Disputar samba-enredo passou a ser um investimento, requerendo, além dos
compositores de fato, a inclusão de outros nomes na parceria: o do camarada da
gráfica, que imprimia os panfletos; o que custeava o transporte e a cervejinha da
torcida, nas quadras; o que tinha boas relações com a diretoria da escola, ou com a
bateria, ou com o carnavalesco, ou mesmo o que tinha trânsito entre outros círculos
menos oficiais de poder.
Foi aí, talvez, que começaram a esganar a galinha dos ovos de ouro, pra ver o
que mais saía de dentro dela. Ainda nos anos 90, as escolas passaram a obrigar todos
os compositores a assinar um documento abrindo mão de uma parte substancial de
seus direitos autorais. Quem não assina o papel pode desistir, nem entra na disputa do
samba. Já foi um susto danado na galinha, coitada. Depois vieram os carnavalescos,
cada vez mais centralizadores e importantes na dinâmica da criação dos desfiles, em
geral interferindo nos sambas, detalhando suas sinopses e exigindo que a partir delas
as letras dos sambas contivessem certas expressões, às vezes até numa ordem
determinada, correspondente à sucessão de alegorias elaboradas para a avenida.

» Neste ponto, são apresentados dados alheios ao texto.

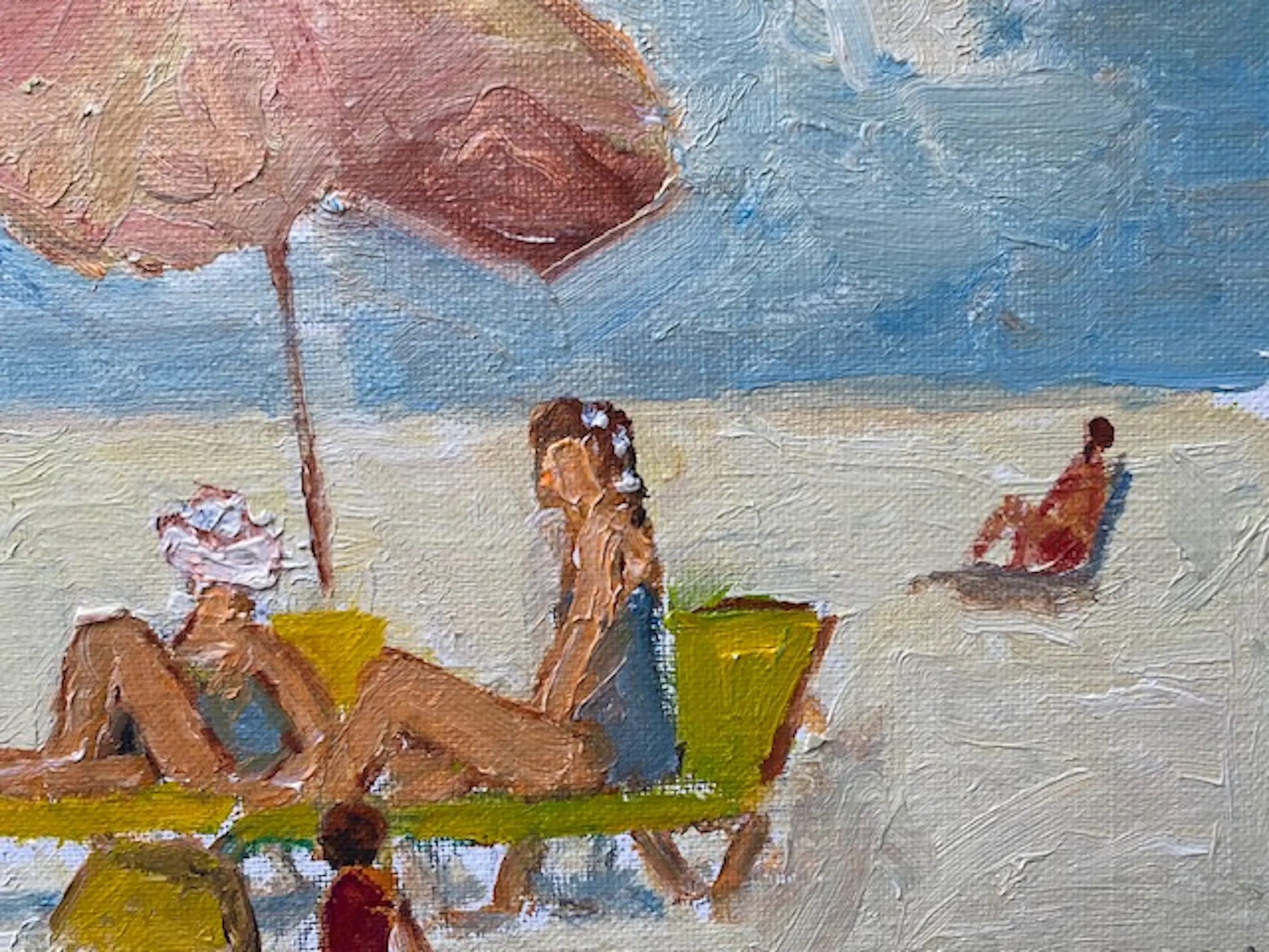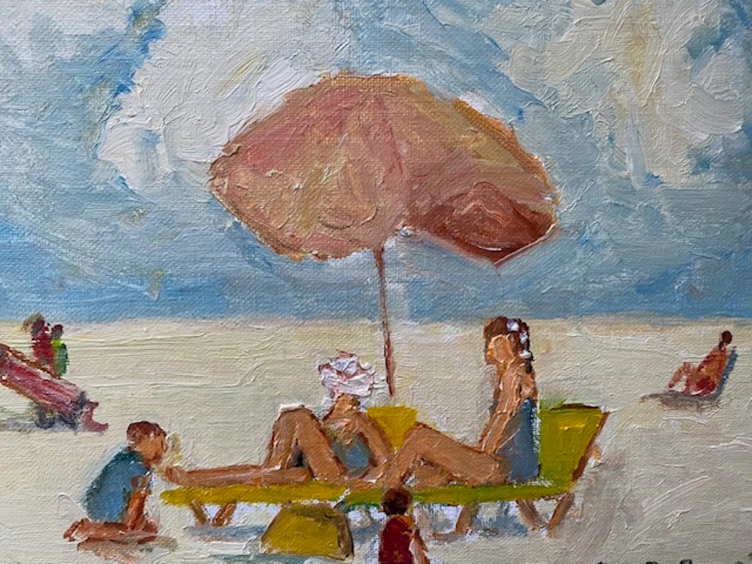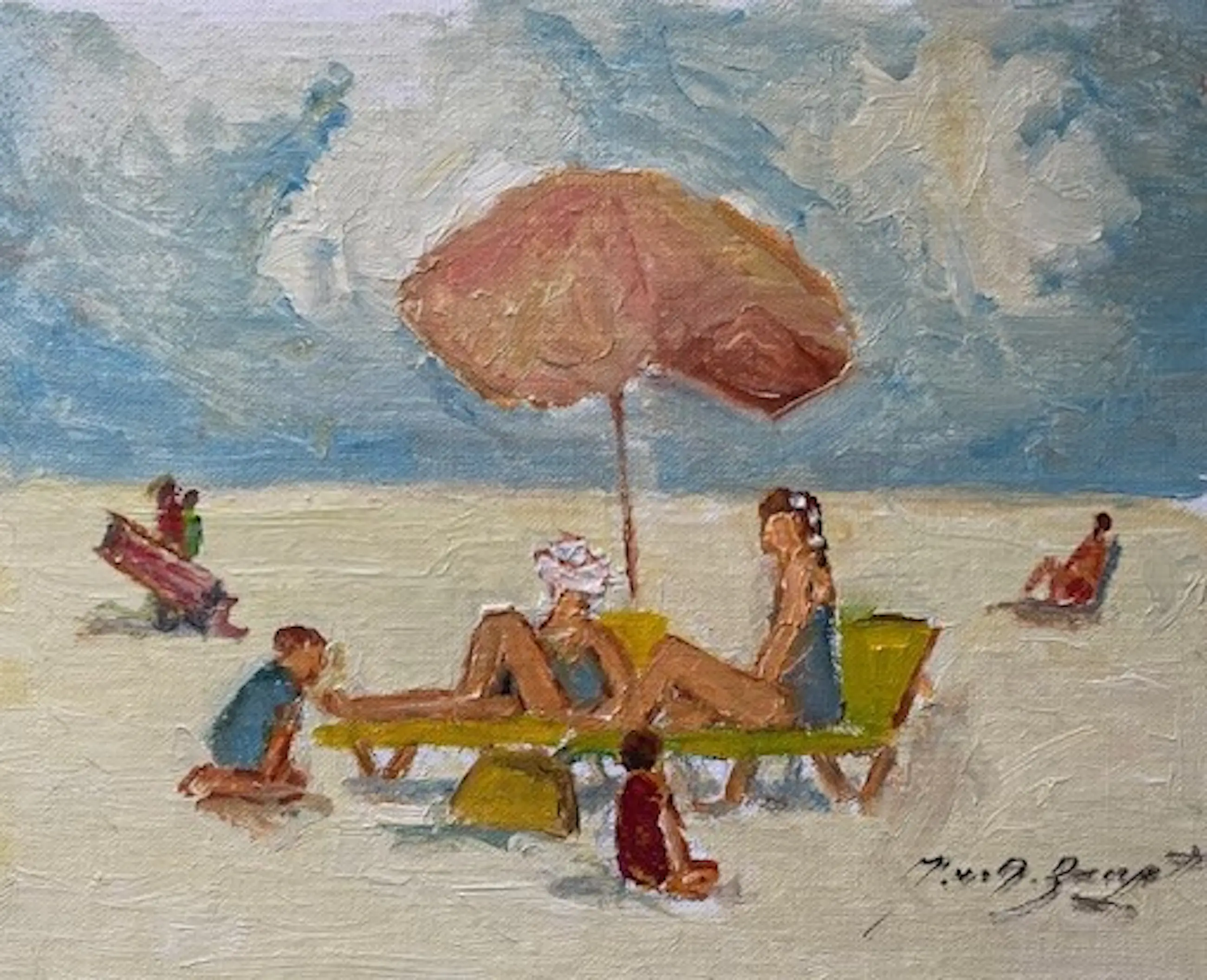 Strandgezichtje van kunstenaar Marcel Van Den Bempt geboren te Schoten 1940 en aldaar overleden 2023. Marcel was een verdienstelijk hedendaags impressionistisch kunstenaar met opleiding aan de Kunstacademies te Antwerpen en Borsbeek.

Sambas “brifados”, menos liberdade para os compositores. A galinha foi ficando mais
desesperada.
Como se não bastasse, as alas de compositores passaram a ser desvalorizadas
como um todo. Antigamente, para serem admitidos na escola, os sambistas faziam
testes, tinham seu talento posto à prova. Mas aí começaram a ver depois que tinha
gente de fora entrando no ônibus e sentando logo na janela. A política interna das
escolas, com vários interesses em jogo, passou a nortear a escolha dos sambas, quase
sempre colocando para escanteio a prata da casa, ou favorecendo determinados
grupos em detrimento dos demais. Pra não falar dos atuais “sambas de escritório”, em
que parcerias consagradas emplacam sambas em diversas escolas ao mesmo tempo. A
prática, ao pé da letra, é proibida. Não é permitido a um mesmo compositor concorrer
em mais de uma escola por ano. Mas o pessoal dá um jeitinho, colocando uns laranjas
aqui e ali. Todo mundo sabe, mas o santo do pessoal do escritório é forte. Assim a
galinha não aguenta!
De qualquer jeito, há gente por aí buscando alguma luz no fim do túnel. No
início desta década, os andamentos vertiginosos das baterias começaram a retroceder
discretamente. Primeiro, nas gravações do disco. Depois, nos desfiles. Os andamentos
puderam hoje se aproximar novamente da rítmica do samba “de verdade”, com sua
cadência natural e toda sua complexidade. Esse novo cenário já prepara terreno,
esperamos, para um reflorescimento criativo do samba-enredo. Outra iniciativa
alentadora, por parte de algumas escolas, tem sido a de encorajar sambistas “de meio
de ano” a participarem da disputa do Carnaval. Estes sambistas, em geral, são
compositores profissionais respeitados, que, justamente por não estarem habituados a
compor dentro do estilo, trazem novas ideias, tendem a sair do lugar-comum e
conseguem inclusive servir de estímulo a alguns dos compositores veteranos das
escolas por onde passam.
Vamos ver no que dá. As principais instâncias de poder nas escolas são
representadas por gente muito conservadora, mas, ao mesmo tempo, muito
pragmática. Se esse pessoal acordar para a questão, a fila vai andar. Os compositores
voltarão a ser prestigiados e a liberdade de criação vai se impor naturalmente. Aposto.
Sou um otimista incurável, afinal, e não desisto nunca.